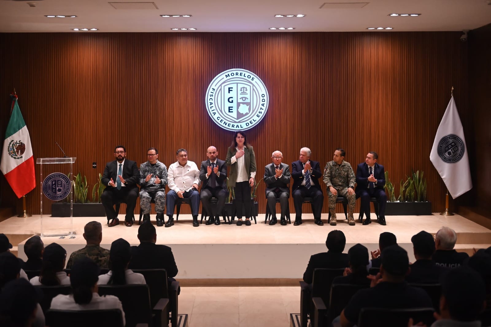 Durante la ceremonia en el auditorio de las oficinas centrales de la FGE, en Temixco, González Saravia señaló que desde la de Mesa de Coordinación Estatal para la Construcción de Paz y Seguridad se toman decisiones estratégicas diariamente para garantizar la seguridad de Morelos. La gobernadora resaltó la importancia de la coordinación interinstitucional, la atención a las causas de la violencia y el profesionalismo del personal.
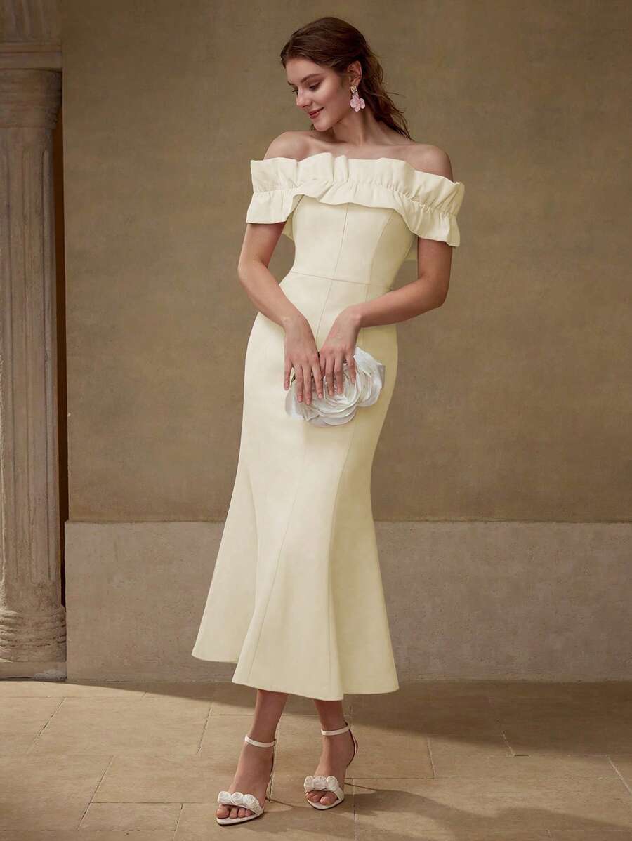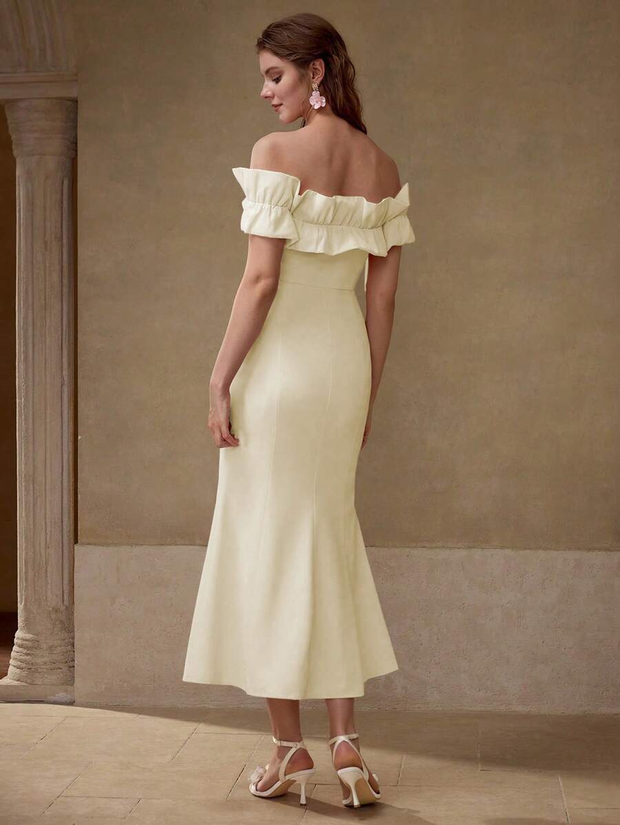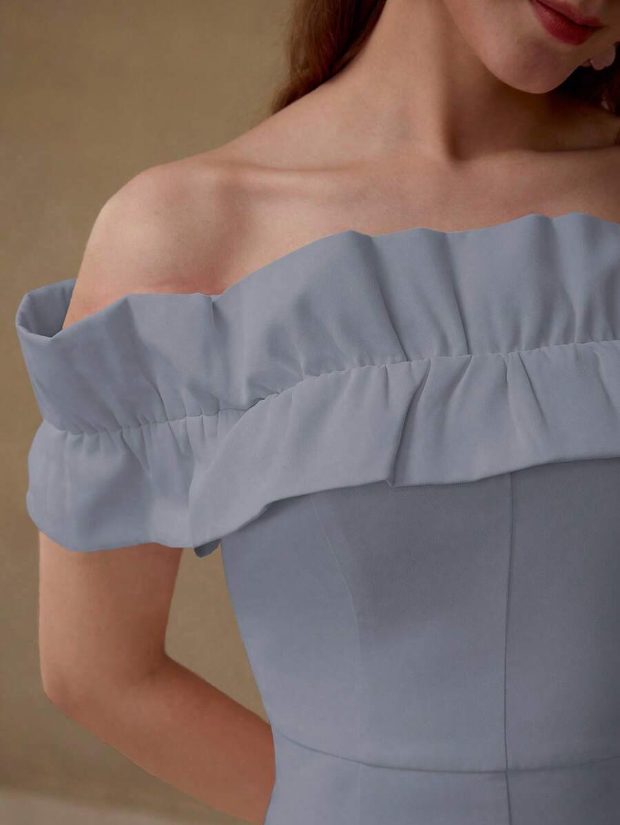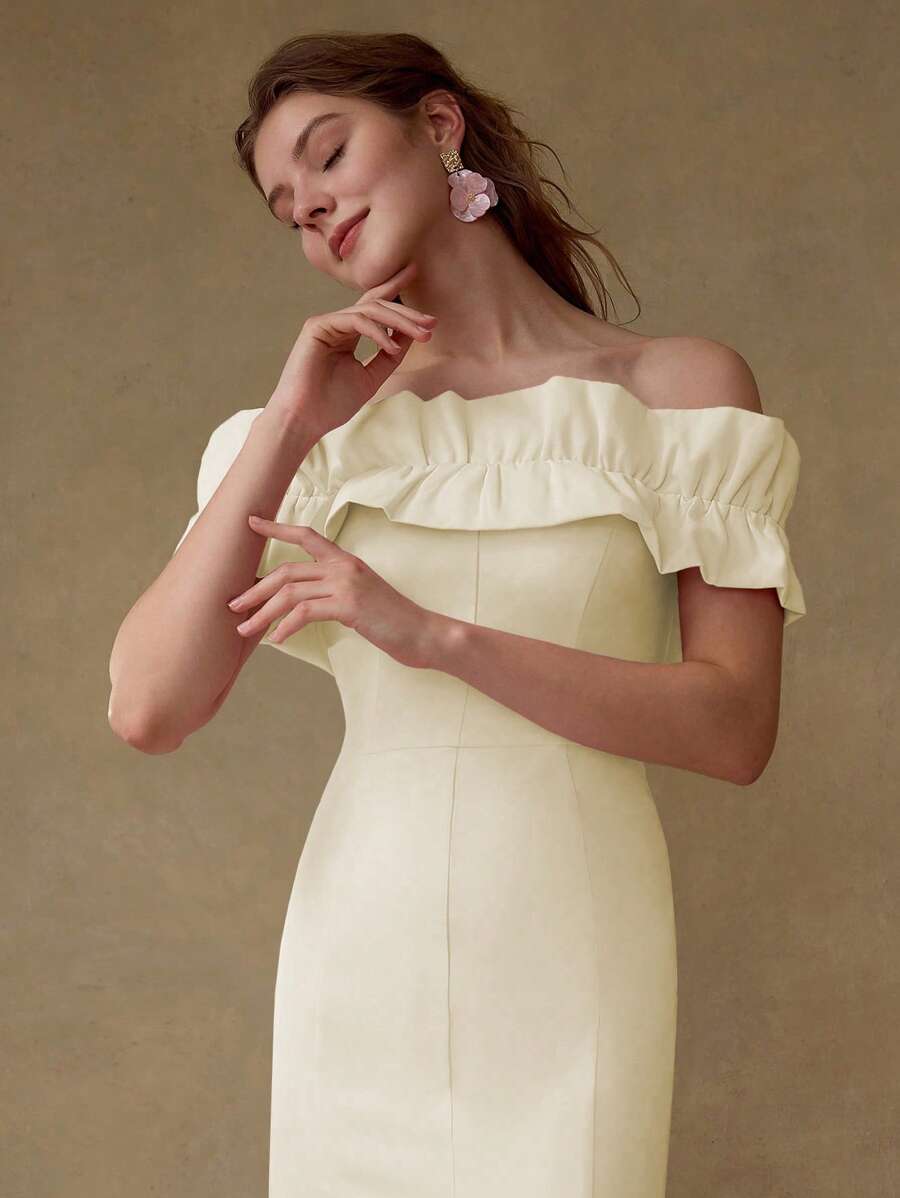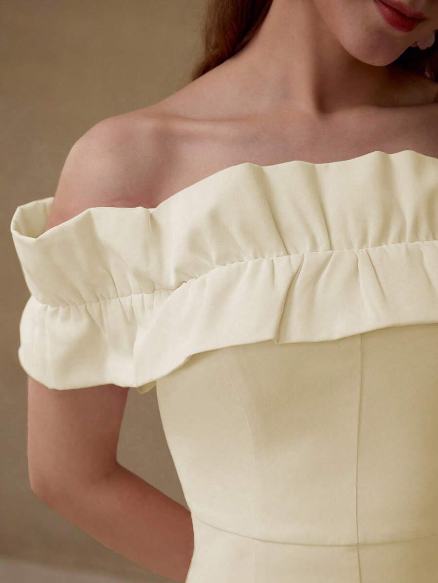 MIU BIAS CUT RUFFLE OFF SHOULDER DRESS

...

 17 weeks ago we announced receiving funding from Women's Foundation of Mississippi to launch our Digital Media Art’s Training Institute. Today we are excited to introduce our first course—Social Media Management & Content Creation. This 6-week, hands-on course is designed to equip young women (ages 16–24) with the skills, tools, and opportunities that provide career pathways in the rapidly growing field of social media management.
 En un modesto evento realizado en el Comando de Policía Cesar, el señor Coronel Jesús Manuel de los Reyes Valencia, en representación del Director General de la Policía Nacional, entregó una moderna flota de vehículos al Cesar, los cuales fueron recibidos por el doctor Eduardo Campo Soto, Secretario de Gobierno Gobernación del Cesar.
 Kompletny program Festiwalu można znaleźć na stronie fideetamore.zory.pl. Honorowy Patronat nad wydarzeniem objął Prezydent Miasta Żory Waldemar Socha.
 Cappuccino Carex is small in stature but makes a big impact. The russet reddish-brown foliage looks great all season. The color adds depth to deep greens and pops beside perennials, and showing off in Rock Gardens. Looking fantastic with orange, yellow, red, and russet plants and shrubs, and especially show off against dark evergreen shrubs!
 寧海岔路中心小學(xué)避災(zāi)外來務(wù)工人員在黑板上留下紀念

* [Problem requirements]:
Say how many lines in the entries contain the string "with", and say nothing else.

* [Response area]:
2